The new coronavirus is from a family of viruses that cause the common cold as well as SARS, the severe acute respiratory syndrome that killed about 800 people, mostly in Asia in a 2003 epidemic.
SARS jumped to people from civet cats and then mutated into a form easily spread among humans.
China hits back at Japan
PM’s statement on islands
BEIJING (AP) — China on Thursday assailed Japan’s prime minister as obstinate and wrong for saying his nation won’t compromise in their island dispute, as Japanese lawmakers and business leaders visited Beijing with hopes of mending ties.
Relations between Japan and China are at their lowest in years because of their spat over the island group in the East China Sea known as Senkaku in Japan and Diaoyu in China. Japan says it bought the islands this month to thwart Japanese nationalists’ more radical plans to develop them. But China saw the move as wrecking a prior arrangement with Tokyo, and it and many Chinese have responded with outrage.
Japanese Prime Minister Yoshihiko Noda said in New York on Wednesday that the islands are clearly an “inherent part of our territory, in light of history and international law.” He said that issues over the islands should be resolved peacefully and by the rule of law.
In response, Foreign Ministry spokesman Qin Gang said Thursday that “China is strongly disappointed and sternly opposes the Japanese leader’s obstinacy regarding his wrong position.” His statement repeated China’s stance that Japan was ignoring historical facts and international laws.
“The country seriously challenges the postwar international order, but tries to take the rules of international law as a cover.
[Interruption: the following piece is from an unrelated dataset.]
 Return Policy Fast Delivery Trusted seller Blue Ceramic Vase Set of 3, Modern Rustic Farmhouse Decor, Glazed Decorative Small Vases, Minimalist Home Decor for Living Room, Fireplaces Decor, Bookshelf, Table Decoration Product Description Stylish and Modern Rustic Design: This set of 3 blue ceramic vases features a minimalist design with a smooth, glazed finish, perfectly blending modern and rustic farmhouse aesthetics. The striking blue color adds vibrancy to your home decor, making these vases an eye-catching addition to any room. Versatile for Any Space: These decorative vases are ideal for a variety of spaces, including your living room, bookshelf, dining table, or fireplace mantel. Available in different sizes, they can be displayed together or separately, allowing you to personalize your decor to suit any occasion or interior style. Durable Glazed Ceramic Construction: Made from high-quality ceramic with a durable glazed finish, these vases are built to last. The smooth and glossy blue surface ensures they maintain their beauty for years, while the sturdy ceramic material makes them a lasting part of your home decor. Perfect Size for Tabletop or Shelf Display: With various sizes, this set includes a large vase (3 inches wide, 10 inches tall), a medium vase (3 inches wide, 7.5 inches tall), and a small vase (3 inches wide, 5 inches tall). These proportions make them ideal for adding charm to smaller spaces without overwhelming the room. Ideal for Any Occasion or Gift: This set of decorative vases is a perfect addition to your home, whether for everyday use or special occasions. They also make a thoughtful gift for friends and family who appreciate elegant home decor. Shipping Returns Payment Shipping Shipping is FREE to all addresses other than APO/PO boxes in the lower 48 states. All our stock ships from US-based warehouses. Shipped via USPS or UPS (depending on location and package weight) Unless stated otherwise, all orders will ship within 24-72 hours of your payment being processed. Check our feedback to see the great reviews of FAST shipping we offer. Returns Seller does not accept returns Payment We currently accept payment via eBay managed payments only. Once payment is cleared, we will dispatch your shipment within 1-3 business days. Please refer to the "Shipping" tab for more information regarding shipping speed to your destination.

This is self-deceiving,” Qin said in a separate statement.
Mexico catches Zetas
drug capo ‘El Taliban’
MEXICO CITY (AP) — Mexico appeared to strike a major blow against one faction of the hyper-violent Zetas cartel, with the navy announcing it has captured one of the country’s most-wanted drug traffickers, Ivan Velazquez Caballero, known as “El Taliban.”
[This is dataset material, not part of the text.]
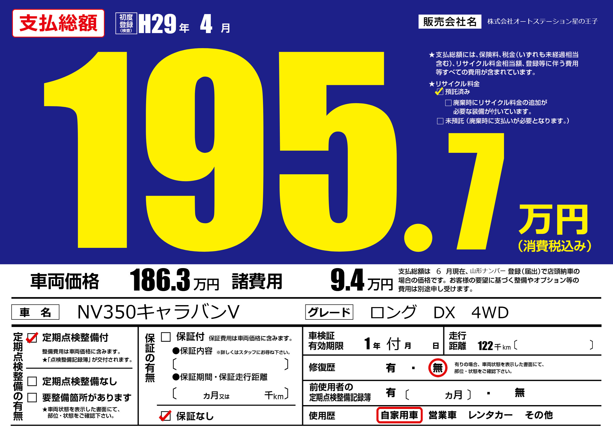 | 走行キロ | 12.2万km | 初年度登録 | H29年4月 |

Velazquez Caballero has been fighting a bloody internal battle with top Zetas’ leader Miguel Angel Trevino Morales, and officials have said the split was behind a recent surge in massacres and shootouts, particularly in northern Mexico.
“A person who is presumed to be, and acknowledges being, Ivan Velazquez Caballero, was captured in the state of San Luis Potosi” in north-central Mexico, the navy said in a statement on Wednesday.
Officials were presenting Velazquez Caballero to the media Thursday morning.
Also known as “Z-50,” Velazquez Caballero has a 30 million peso ($2.3 million) reward on his head.